# Aquabid



## Jakr959 (Jun 15, 2010)

Is Aquabid all that great? I was looking around on it and it seemed only the REALLY pretty and rare bettas got bid on. I was going to start breeding but I need to know a good place/site to sell the off spring, got any favorites?


----------



## 1fish2fish (Sep 10, 2009)

That should be an incentive to try to breed the best quality bettas possible. If you don't have nice quality bettas then don't charge $20 for them. People will buy a nice fish if you sell it for $5.

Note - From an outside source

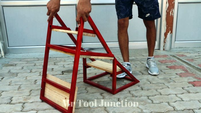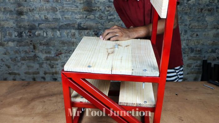Полученный стул при опрокидывании половины на петлях превращается в лестницу с тремя ступенями. Обратите внимание, что на вторую и третью приходится вставать с обратной стороны, то есть они удерживают вес человека только за счет болтов. Это нужно учитывать, и использовать крепкие доски и надежные болты с шайбами.

Many forums have classifieds sections where you can put bettas for sale. Ebay would be another source.


----------



## beta novice (May 9, 2010)

craigslist ebay or aquabid


----------



## Jakr959 (Jun 15, 2010)

Ok, so if I bred a really pretty betta like a white fin tiped red delta tail (thats my goal) I could charge 15- 20 bucks for him. But if I bred a white pinkish female thats not all pretty I would charge like 5-8 dollars (which is about pet store price but really healthy and good for breeding)


----------



## beta novice (May 9, 2010)

right


----------



## Jakr959 (Jun 15, 2010)

Ok I get it now, well that was my last thing I needed to figure out, Now off to breeding!


----------



## beta novice (May 9, 2010)

oh oh good luck and keep like a journal thing going on the forum and pics


----------



## Jakr959 (Jun 15, 2010)

Sure thing!


----------



## beta novice (May 9, 2010)

yay


----------